Dan Golding is an Australian writer, composer, broadcaster, and academic. He holds a PhD from the University of Melbourne, and is currently a lecturer in media and communication at Swinburne University of Technology in Hawthorn, Australia.

Writing
Golding is the author of Star Wars After Lucas, and the co-author of Game Changers. Golding and his work has been featured on The Conversation, BoingBoing, Australian Broadcasting Corporation, and in Wired. His 2019 book, Star Wars after Lucas: A Critical Guide to the Future of the Galaxy, was reviewed on The Verge and in Leonard. As a writer, Golding won the Lizzie for Best Games Journalist at the 11th Annual IT Journalism Awards for work published with Crikey.

Music
Golding is the creator of the soundtracks for Untitled Goose Game, The Haunted Island, and Push Me Pull You. His soundtrack for The Haunted Island won the APRA AMCOS award for best music at the 2019 Australian Game Developer Awards. Untitled Goose Game was nominated for audio awards at the 2020 Independent Games Festival Awards, the Game Developers Choice Awards, and the British Academy Games Awards. In March 2020, Golding's soundtrack album for Untitled Goose Game was released by House House and Universal Music Australia.

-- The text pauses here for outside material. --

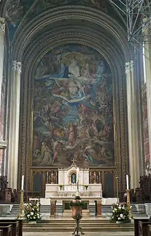 The fresco decorations of the Ludwigskirche in Munich, which were for the most part designed and executed by Cornelius, were perhaps the most important mural works of their time. The large fresco of the Last Judgment, over the high altar in that church, measures 62 feet (19 m) in height by 38 feet (12 m) in width. The frescoes of the Creator, the Nativity, and the Crucifixion in the same building are also upon a large scale. Other major works in Munich included his decorations in the Pinakothek and in the Glyptothek; those in the latter building, in the hall of the gods and the hall of the hero-myths, are perhaps the best known. In about 1839–40 he left Munich for Berlin to work on a series of cartoons, depicting the Apocalypse, for a cycle of frescoes commissioned by Frederick William IV for a proposed "Campo Santo" or royal mausoleum in Berlin.[2] The king abandoned his plans following the revolution of 1848, but Cornelius continued to work on the cartoons for the rest of his life.[5]
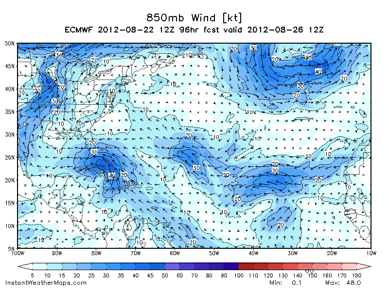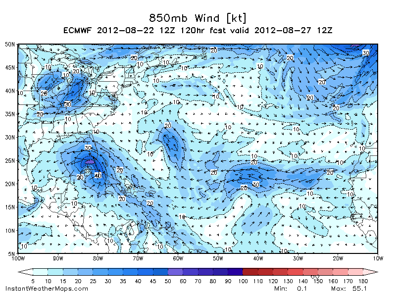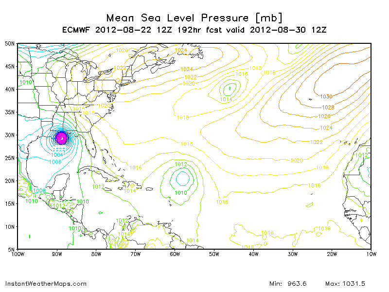 What are Sat loops telling you other than we have a very weak system with a possible center relocation to the south? Both would indicate a further south and west trend at least in the short term. Long term it's looking like more uncertainty with a possible collapse in the steering currents. There could very well be *just enough* ridging across the SE US, as indicated by the Euro, to steer this on a more westerly drift once in the GOM.biggerbyte wrote:Looking at sat. views today, I don't see how anything tropical can make landfall west of NOLA. Of course, said conditions are subject to change as Isaac draws near. If he were three days out from landfall as of this moment, I'd put him well South, or well East of Houston. Let's see what Thursday looks like.

Golding was the director of Australia's Freeplay Independent Games Festival from 2014 to 2017, and from 2006 to 2009 was a member of the Dili Allstars.

Broadcasting
Golding is the host of the weekly Screen Sounds program on ABC Classic radio, He is a co-host of the Art of the Score podcast. He has created video essays about film music, including A Theory of Film Music in response to a video by Every Frame a Painting. The dialogue between the two was described by Fandor as "an extraordinary case study in how popular video essayists and academically trained scholars can bring out the best from each other".

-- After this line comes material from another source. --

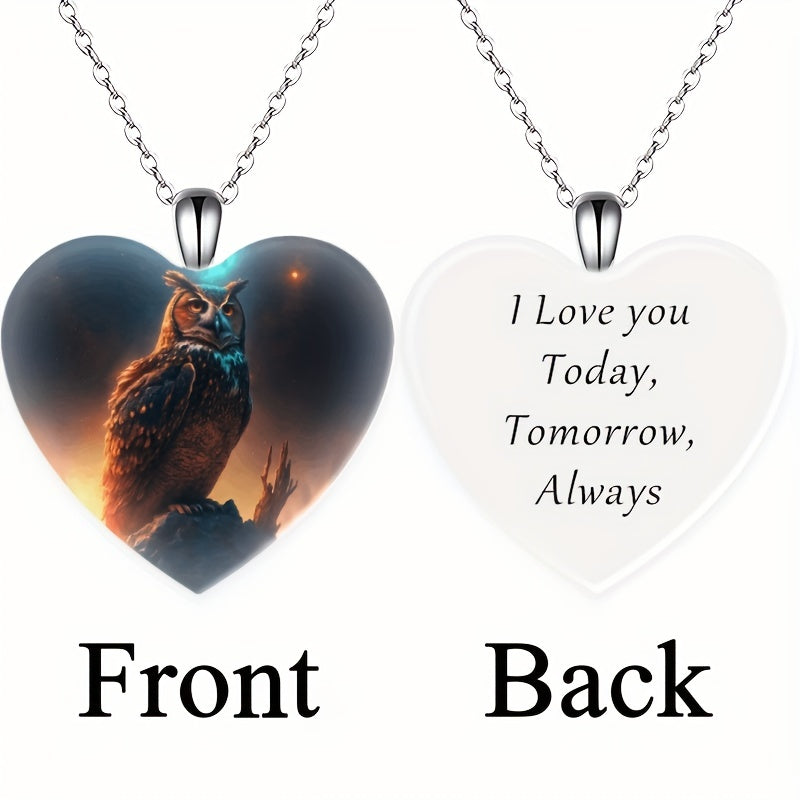 Heart Shaped Owl Pendant Necklace Men Women Jewelry Gift

In 2015, Golding presented A Short History of Videogames, a four-part documentary series for ABC Radio National. With Linda Marigliano, Golding co-hosted the documentary series What Is Music for ABC Television and Triple J.

Discography

Albums

Awards and nominations

ARIA Music Awards

The ARIA Music Awards is an annual awards ceremony that recognises excellence, innovation, and achievement across all genres of Australian music.

|-
| 2020
| Untitled Goose Game (Original Soundtrack)
| Best Original Soundtrack, Cast or Show Album
|

References 

Living people
University of Melbourne alumni
21st-century composers
Musicians from Melbourne
Academic staff of Swinburne University of Technology
ABC radio (Australia) journalists and presenters
Year of birth missing (living people)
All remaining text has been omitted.